TUESDAY, July 12 (HealthDay News) — Upward social mobility appears to help reduce the risk of high blood pressure in people who were born into poor or disadvantaged situations, according to a new study.
Previous research has shown that poor and disadvantaged people are at increased risk for high blood pressure, which contributes to heart disease and stroke.
Swedish researchers looked at health and socioeconomic data collected from 12,000 same-sex twins who were born between 1926 and 1958. High blood pressure was more common among adults with low socioeconomic status, with a 42 percent increased risk among this group. Other factors associated with high blood pressure rates included: being born to parents with low socioeconomic status, having a low birth weight, being short in stature, weighing more and drinking more alcohol.
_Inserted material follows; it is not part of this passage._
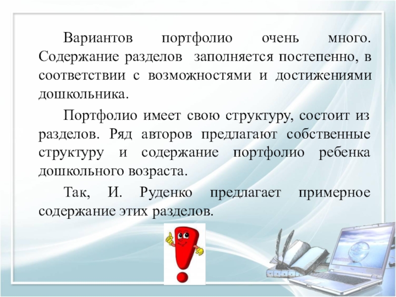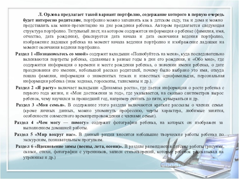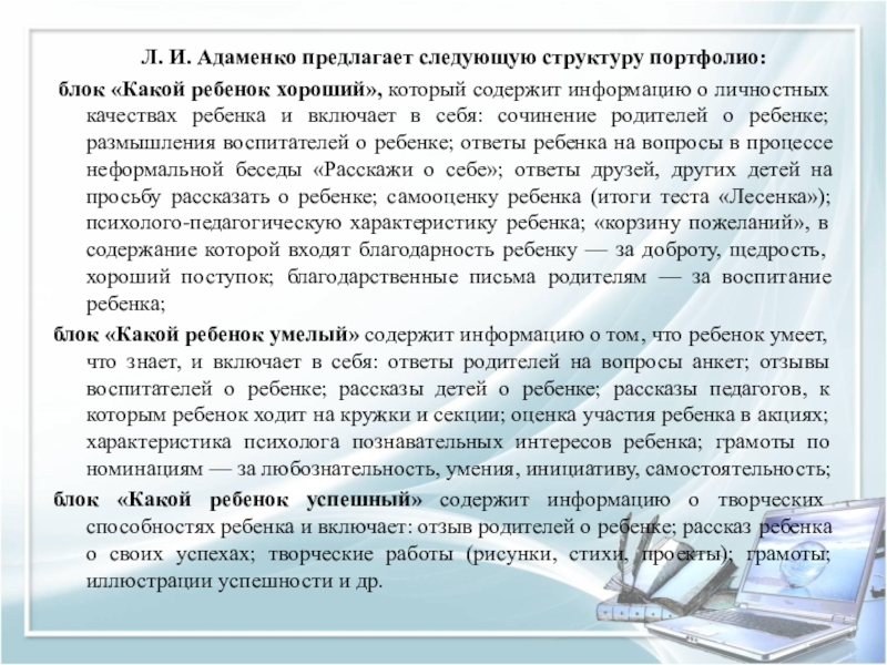 Слайд 24 Л. И. Адаменко предлагает следующую структуру портфолио:

But people with low socioeconomic status who moved up in society reduced their risk of high blood pressure by nearly 20 percent, compared to those who stayed on the lower rungs of society across two generations, the investigators found.
The findings suggest that adults who were born poor or disadvantaged can reduce their risk of high blood pressure by improving their social status, Lovisa Hogberg, of the medical epidemiology and biostatistics department at Karolinska Institute in Stockholm, and colleagues concluded.
The study was released in the July 12 online edition of the Journal of Epidemiology and Community Health.